Contexts — logical abstractions to connect work to ideas & themes

Building on the example above, significant tags, phrases and keywords can be grouped into ‘contexts’ that make logical sense for a business. For example, allowing activity to be mapped and aggregated against an idea or theme that’s of interest to teams or leaders (e.g. Release 3.1)

This is similar to how companies like Facebook and Instagram use activity data to generate prospects for advertisers (e.g. ‘who likes dogs & icecream?’)

When applied for organisational knowledge it enables queries like ‘who can I talk to about a bug raised by the Redbull account?’ or ‘which Lead Engineer has most experience with ServerCore recently?’.

A bimodal graph, like the one above in which both ‘people’ and ‘contexts’ (green) are plotted together, goes beyond collaboration to reveal the significance of specific ideas and themes uniting teams together.

Metrics — add depth and highlight potential focus areas

Instinctively, most people think of metrics as ‘outputs’. They manifest as KPIs and trends on management dashboards.

However, we find they are incredibly powerful as ‘inputs’. Numeric scores that can be applied across a network to highlight key traits and characteristics — making it easy to dynamically explore relationships in more detail, and to test hypothesis you have formed.

Metrics add emphasis to a visualisation, clearly highlighting areas of interest.

Timelines — plot related activities together over time

A network united around a specific context, or a set of tags or labels, provides the backbone for other forms of analysis too — a process, for example. Multiple tools are often used at different stages of a particular process (eg. Slack, Jira and GitHub for software delivery) and can be combined to create a perspective on the end-to-end activity.
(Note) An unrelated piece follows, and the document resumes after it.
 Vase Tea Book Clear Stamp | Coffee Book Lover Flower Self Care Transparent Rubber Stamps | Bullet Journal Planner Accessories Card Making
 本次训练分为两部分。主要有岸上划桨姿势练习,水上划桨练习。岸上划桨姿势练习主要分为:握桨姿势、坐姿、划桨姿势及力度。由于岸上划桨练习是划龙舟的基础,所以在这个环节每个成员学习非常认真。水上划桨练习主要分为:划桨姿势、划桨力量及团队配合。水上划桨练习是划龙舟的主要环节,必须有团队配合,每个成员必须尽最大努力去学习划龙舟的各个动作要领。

This technique is often particularly insightful for teams, as it reveals the causes of hidden bottlenecks or problem areas. It also provides the dataset to explore and test hypotheses — exploring how changes to individual steps or activities could influence baseline metrics, organisational goals and objectives.

The end-to-end journey of a new website launch, each dot represents a signal of confusion, a problem or an issue raised along the timeline. Highlighting the opportunities to improve handoffs between teams
Resolving bottlenecks affecting software releases — each dot is an event, its size determined by a metric which calculates the addressable wait time. The large dots are events driving the critical path.
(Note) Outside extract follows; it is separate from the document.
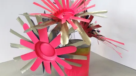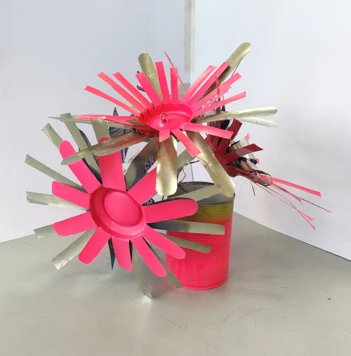 My sculpture symbolises hope and Growth. It is painted in pink because refers to breast cancer which my nan had. She now has cancer for second time in the liver and she has designed her garden based on the moto Junk and Joy. She has a yard full of things like this. She is going through a harsh treatment and I hope she recovers.

Lastly — don’t remove data, anonymise it

Some organisations are comfortable sharing data in return for the benefit it can yield, others are not. At ConnectedCompany, pragmatism is definitely a critical component of what we do and how we generate results.

Global organisations will often use the same tools everywhere, but will only want to analyse a particular region or section of the business. As a result, they will only commission data for a specific subset. Likewise permissions and policies may differ across geographies (e.g. CCPA, GDPR) rendering certain individuals ‘out of scope’ until we have their explicit permission.
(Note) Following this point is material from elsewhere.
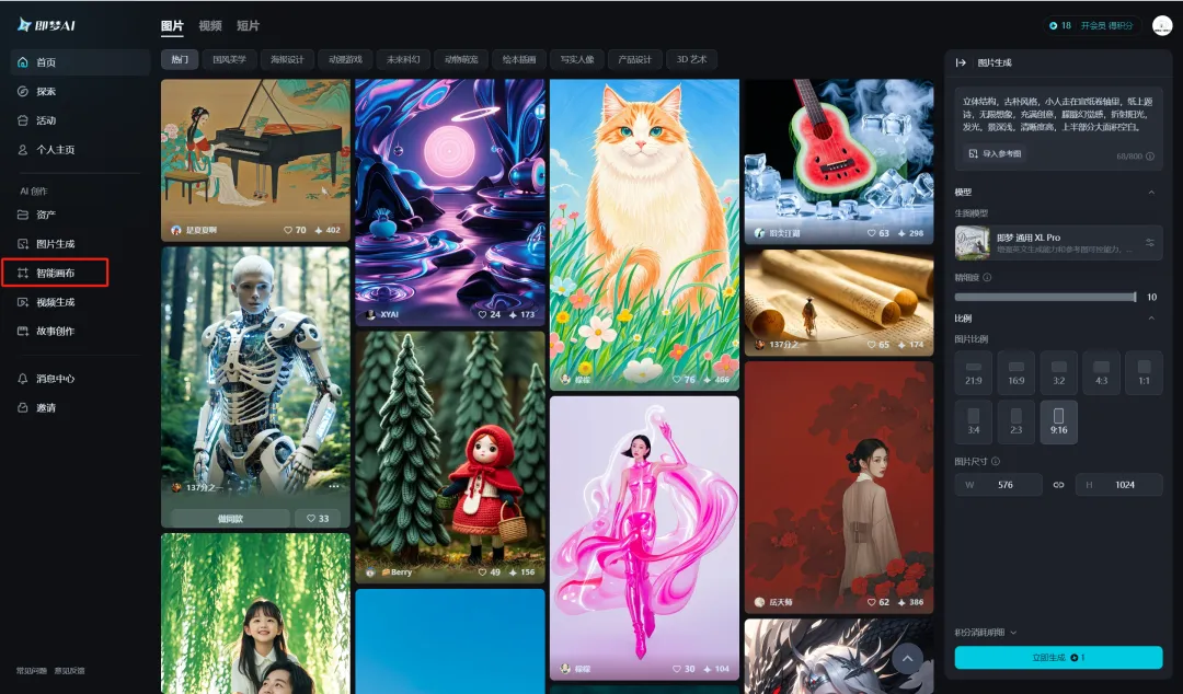 回到即梦官网主页,点击左边菜单【智能画布】。

However, because insights are derived from the network as a whole, every node is valuable. It is always better to show the existence of nodes and not to remove them from the dataset. For example, we commonly anonymise names/usernames and strip away all associated PII data during data ingest — replacing them with a pseudonym and therefore preserving the true structure of the network.

In practice, the output results in ‘backgrounding’ or greying out out of scope nodes. Maintaining the integrity of the analysis

Final thoughts

We’ve found that the most impactful way to work with activity data is in close collaboration with teams in pursuit of a collective goal or a target outcome. The human input is essential. Without the context to guide investigations, you’ll just be another person with data.

The good news is, the breadth of techniques described above means you’ll always be able to accelerate or assist a key decision, regardless of which team or department it originated from.

The work-graph is a powerful asset because of its versatility, and has huge potential to help everyone build a better work place for themselves and others.